■ YOUR TASK
Leave the pictures out, and transcribe the material below exactly from the line with "ウクライナ首都キーウでは5日" to the line with "Introducing our sleek", both lines included.

■ RECORDS PROVIDED
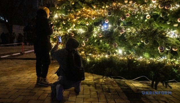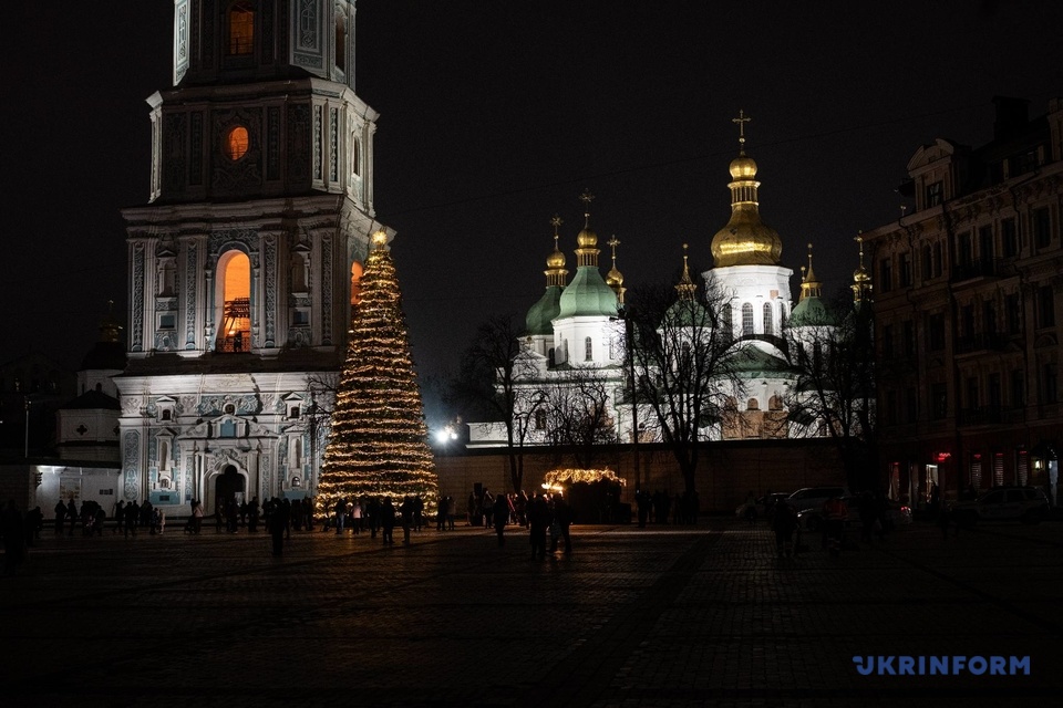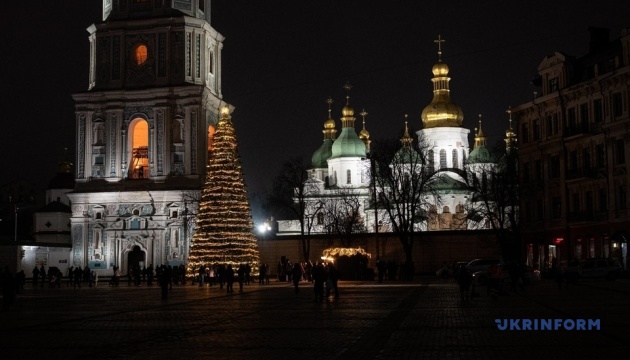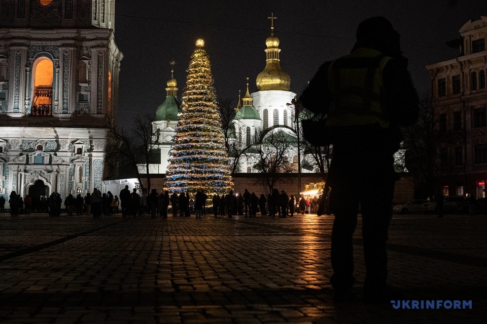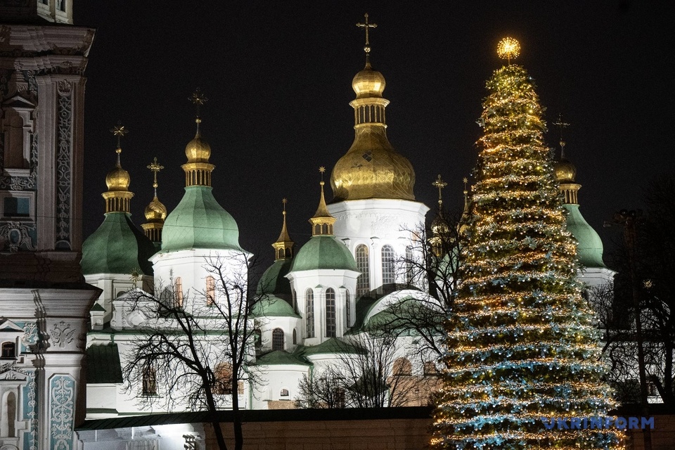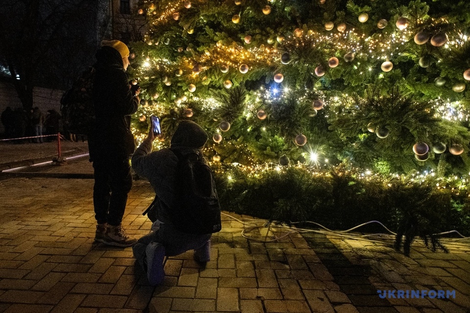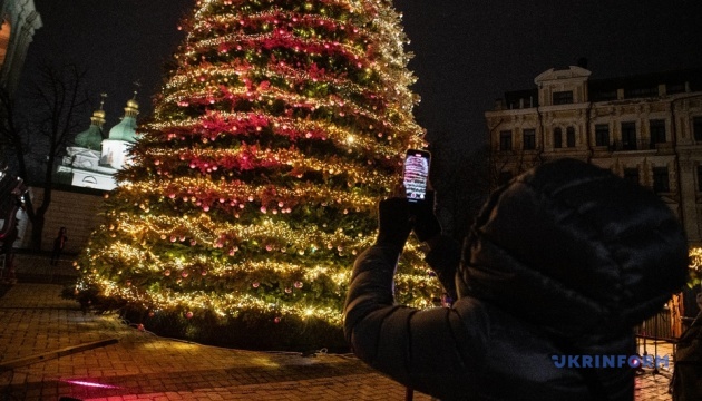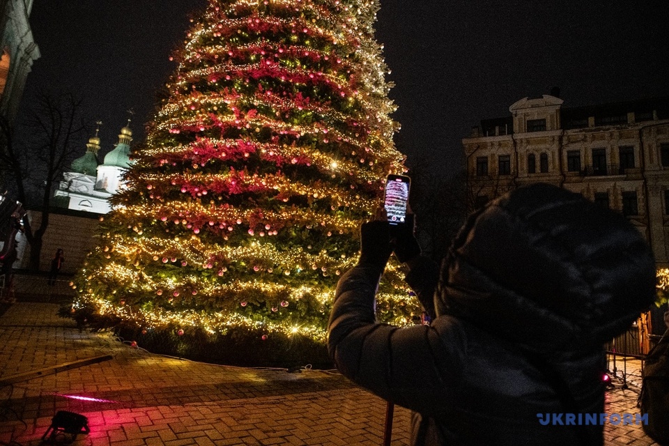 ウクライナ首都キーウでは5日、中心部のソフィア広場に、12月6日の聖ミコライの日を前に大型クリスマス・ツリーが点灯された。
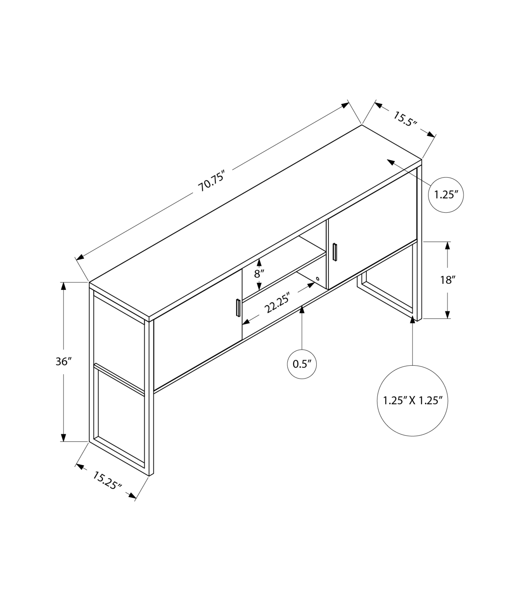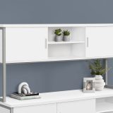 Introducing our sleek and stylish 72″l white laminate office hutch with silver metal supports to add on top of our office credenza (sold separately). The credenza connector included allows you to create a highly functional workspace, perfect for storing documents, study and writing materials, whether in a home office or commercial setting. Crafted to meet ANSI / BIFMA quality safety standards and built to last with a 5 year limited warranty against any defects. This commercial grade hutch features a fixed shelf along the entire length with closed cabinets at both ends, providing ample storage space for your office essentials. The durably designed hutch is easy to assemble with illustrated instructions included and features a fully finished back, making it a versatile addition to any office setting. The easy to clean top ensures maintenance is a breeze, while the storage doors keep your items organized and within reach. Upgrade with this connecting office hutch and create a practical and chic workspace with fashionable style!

* * *

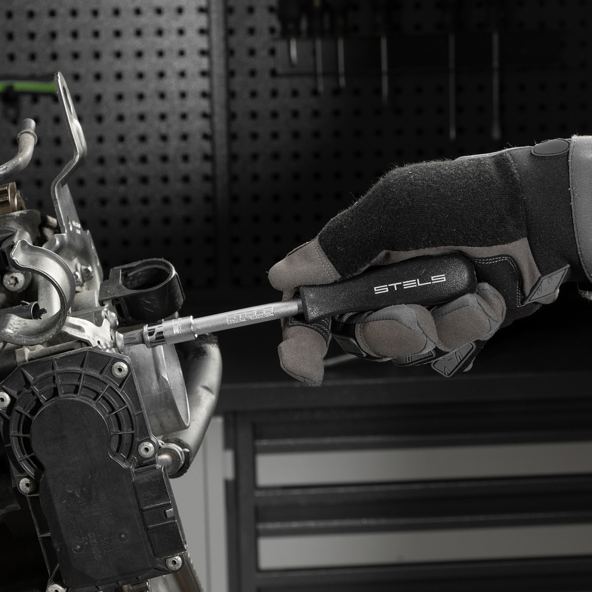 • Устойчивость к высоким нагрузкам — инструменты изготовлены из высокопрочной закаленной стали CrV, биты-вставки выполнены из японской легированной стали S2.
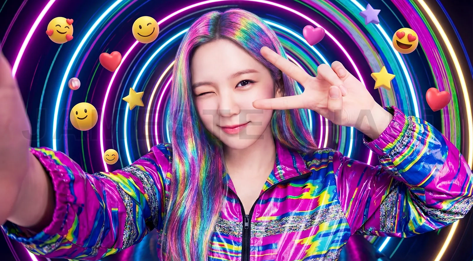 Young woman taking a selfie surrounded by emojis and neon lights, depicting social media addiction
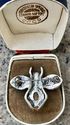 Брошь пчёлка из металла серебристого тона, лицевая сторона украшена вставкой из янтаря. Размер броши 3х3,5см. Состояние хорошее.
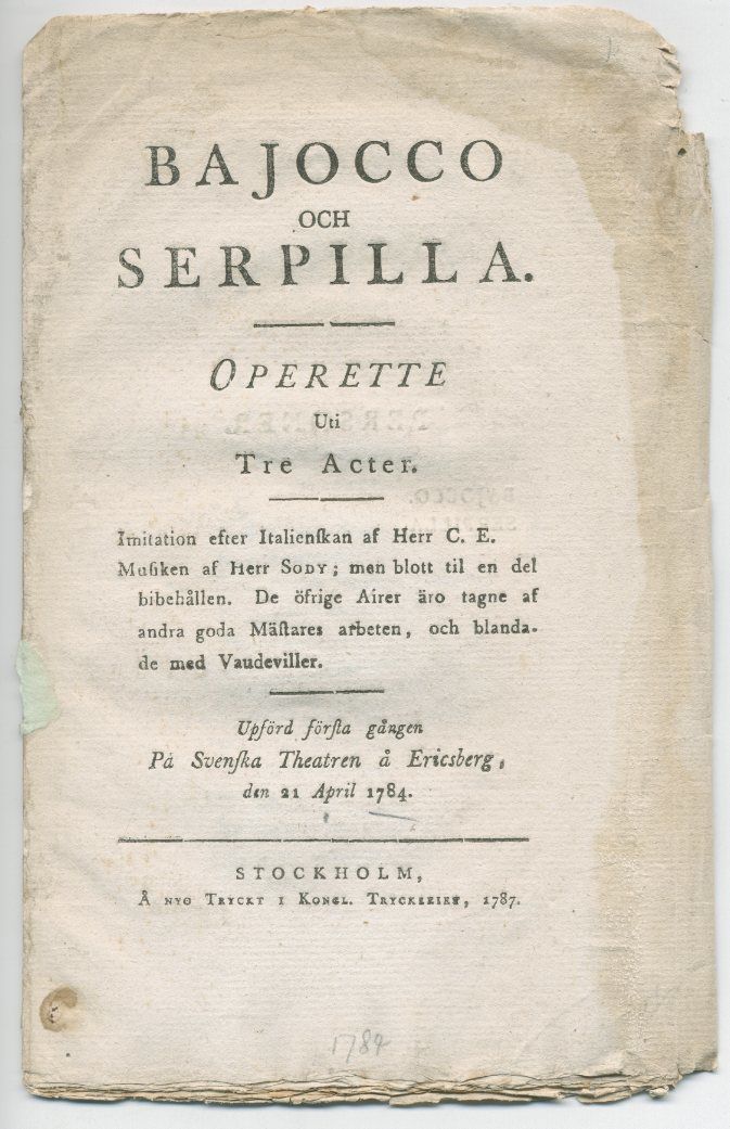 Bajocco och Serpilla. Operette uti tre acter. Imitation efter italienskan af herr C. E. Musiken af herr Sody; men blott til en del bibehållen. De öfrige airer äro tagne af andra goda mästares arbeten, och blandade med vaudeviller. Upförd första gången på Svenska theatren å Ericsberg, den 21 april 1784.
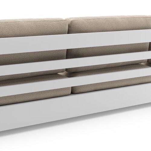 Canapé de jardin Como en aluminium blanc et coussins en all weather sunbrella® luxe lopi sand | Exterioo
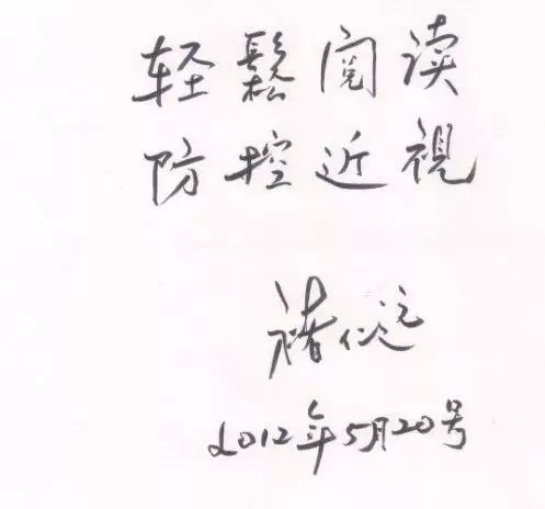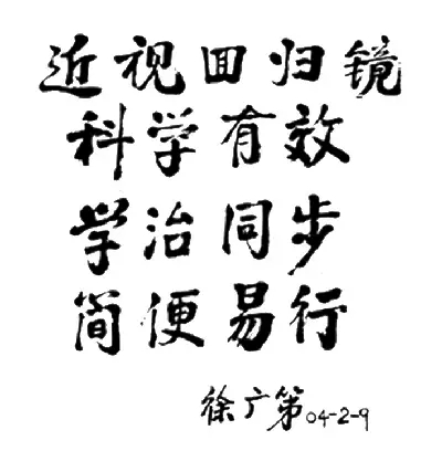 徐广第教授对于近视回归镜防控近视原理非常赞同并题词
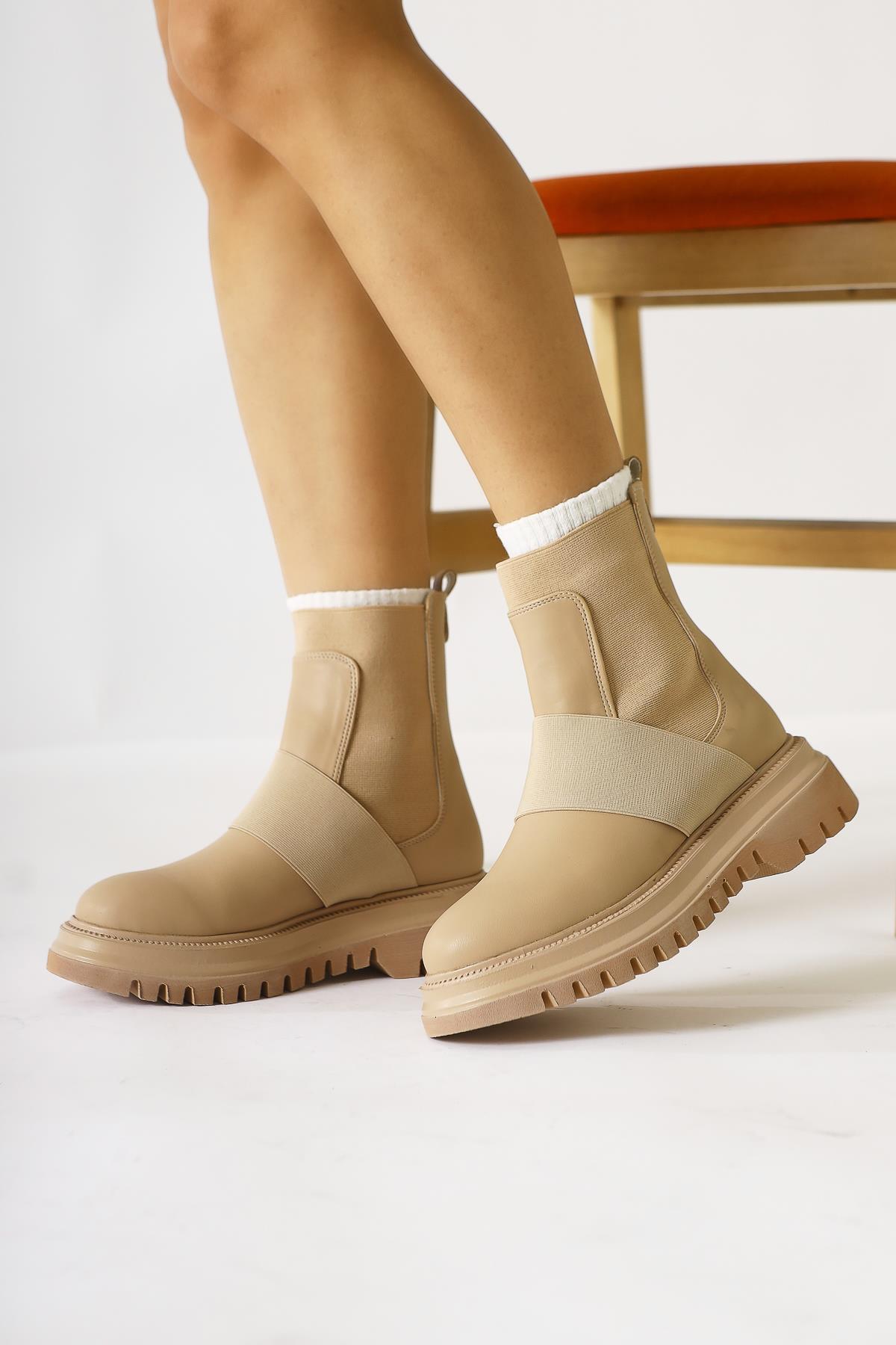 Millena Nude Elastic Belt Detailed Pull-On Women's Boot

...

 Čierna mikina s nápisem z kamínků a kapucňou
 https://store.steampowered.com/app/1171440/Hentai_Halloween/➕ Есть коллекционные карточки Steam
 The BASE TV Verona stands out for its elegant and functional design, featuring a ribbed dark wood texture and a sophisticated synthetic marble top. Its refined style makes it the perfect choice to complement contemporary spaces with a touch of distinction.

■ EXERCISE RESULT
 ウクライナ首都キーウでは5日、中心部のソフィア広場に、12月6日の聖ミコライの日を前に大型クリスマス・ツリーが点灯された。
 Introducing our sleek and stylish 72″l white laminate office hutch with silver metal supports to add on top of our office credenza (sold separately). The credenza connector included allows you to create a highly functional workspace, perfect for storing documents, study and writing materials, whether in a home office or commercial setting. Crafted to meet ANSI / BIFMA quality safety standards and built to last with a 5 year limited warranty against any defects. This commercial grade hutch features a fixed shelf along the entire length with closed cabinets at both ends, providing ample storage space for your office essentials. The durably designed hutch is easy to assemble with illustrated instructions included and features a fully finished back, making it a versatile addition to any office setting. The easy to clean top ensures maintenance is a breeze, while the storage doors keep your items organized and within reach. Upgrade with this connecting office hutch and create a practical and chic workspace with fashionable style!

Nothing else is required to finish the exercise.